The basic concept of the L1 penalty, also known as the Least Absolute Shrinkage and Selection Operator (lasso)—(Hastie, T., Tibshirani, R., and Friedman, J. (2009)), is that a penalty is used to shrink weights towards zero. The penalty term uses the sum of the absolute weights, so the degree of penalty is no smaller or larger for small or large weights, with the result that small weights may get shrunken to zero, a convenient effect as, in addition to preventing overfitting, it can be a sort of variable selection. The strength of the penalty is controlled by a hyperparameter, λ, which multiplies the sum of the absolute weights, and can be set a priori or, as with other hyperparameters, optimized using cross validation or some similar approach.
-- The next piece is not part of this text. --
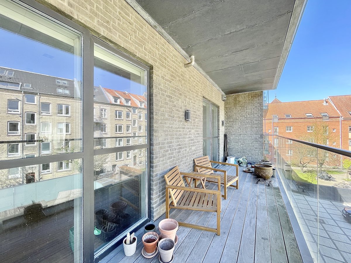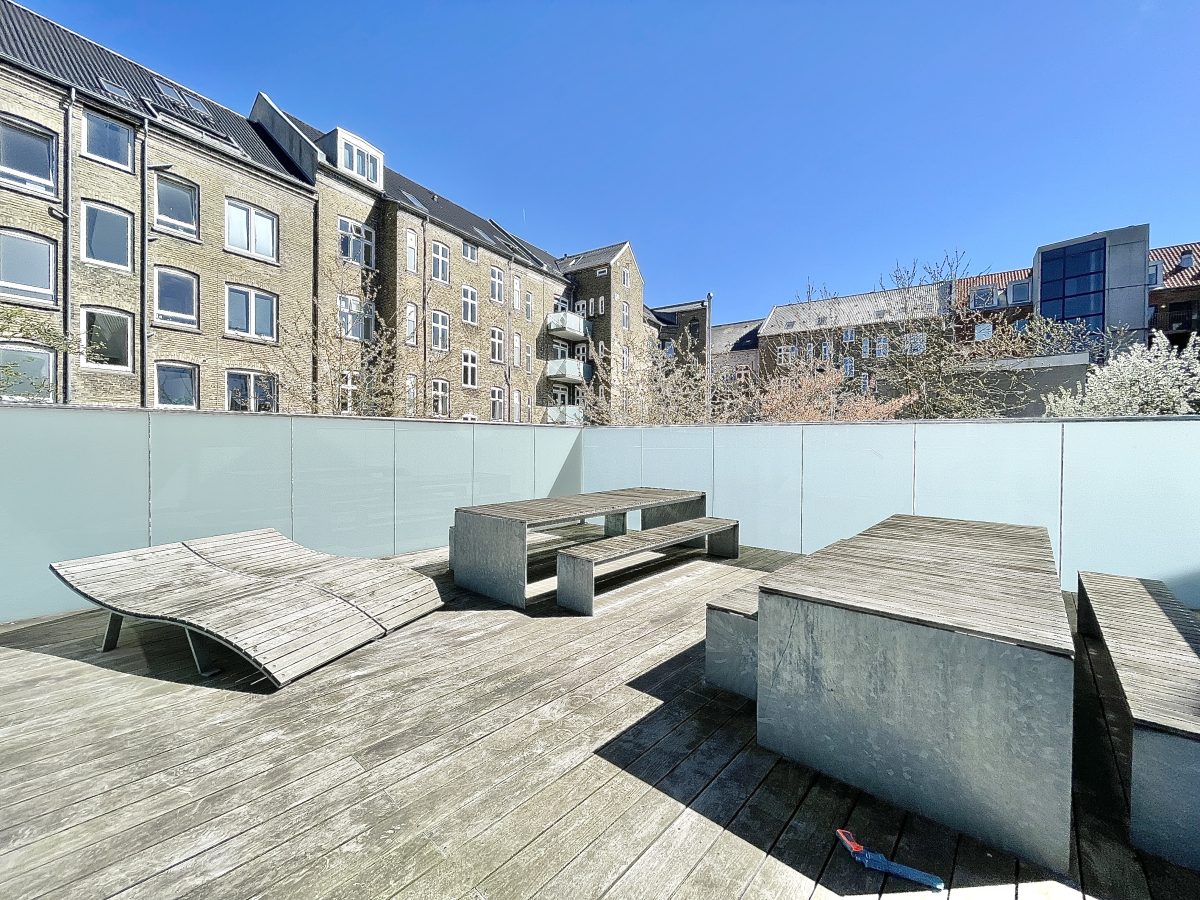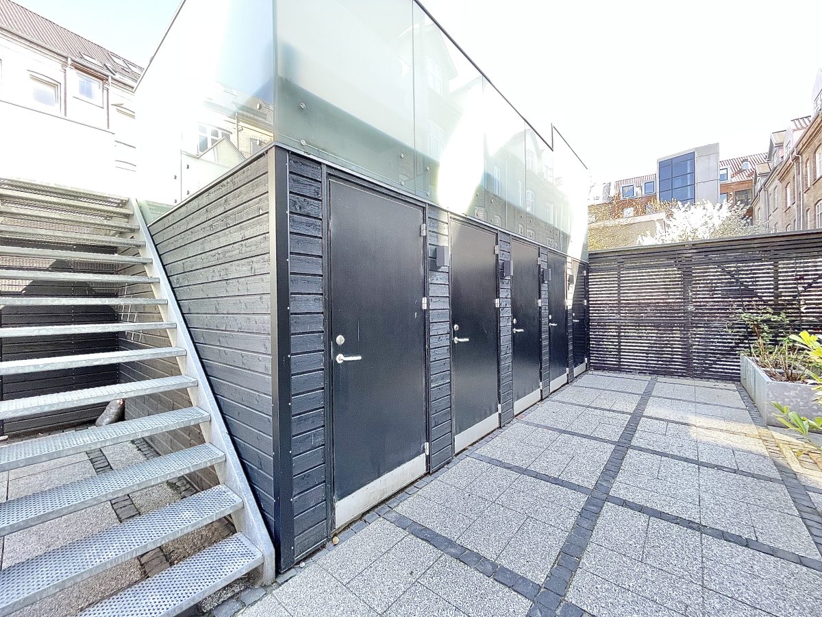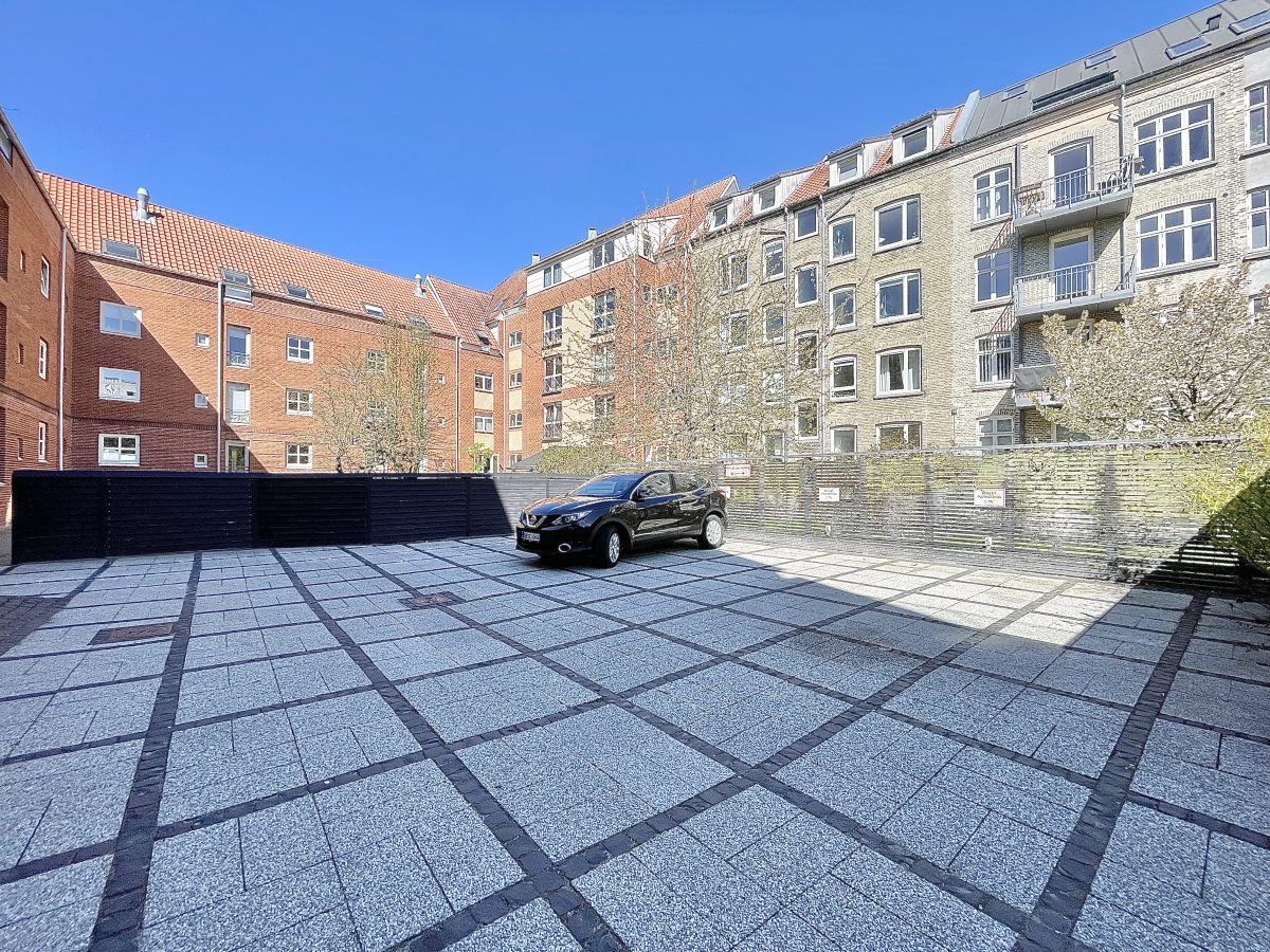 Der hører store og private altaner på 14 kvm til alle boliger, ligesom der ydermere er en fælles tagterrasse på 50 kvm placeret i en flot og stilfuld fælles baggård, der er aflåst med gitterport og udstyret med overvågning. Der er mulighed for tilkøb af egen parkeringsplads i gården til 750 kr. mdn.

Mathematically, it is easier to start with an Ordinary Least Squares (OLS) regression model. In regression, a set of coefficients or model weights are estimated using the least squared error criteria, where the weight/coefficient vector, B, is estimated such that it minimizes: (Y – XB)T(Y – XB) where Y is the outcome or dependent variable, X is a k + 1 column design matrix with k columns for the predictors and one constant column for the intercept (also called an offset sometimes). The difference between the observed outcome and the predicted values (the product of the design matrix post multiplied by the weight vector) is a vector of the errors or residuals. In this framework, one way to think about the L1 penalty is that it is a constrained estimator, where the weight vector, B, is estimated subject to the constraint that the sum of the absolute weights is less than or equal to some (user-chosen) threshold, λ.

Typically, the intercept or offset term is excluded from this constraint (for example, by pre-centering all data and dropping the intercept or by selectively applying the constraint). Another way of viewing the L1 penalty is to see it as a modification to the function minimized, from (Y – XB)T(Y – XB) to (Y – XB)T(Y – XB) + λ||B||1, where ||B||1 represents the sum of the absolute weights. If λ = 0, then the L1 penalty reduces to the regular OLS estimator. The user may choose λ, or more commonly it is treated as a hyperparameter and optimized by evaluating a range of possible λ values (for example, through cross validation). Although outside the scope of this book, the L1 penalty may also be viewed through a Bayesian perspective, the final posterior estimates are a function of the estimates from the data and the prior, and the shrinkage that occurs from the penalty term is accomplished by setting a prior with varying degrees of certainty. Technically, the parameters could be shrunk towards any arbitrary value, but they are almost always shrunk towards zero.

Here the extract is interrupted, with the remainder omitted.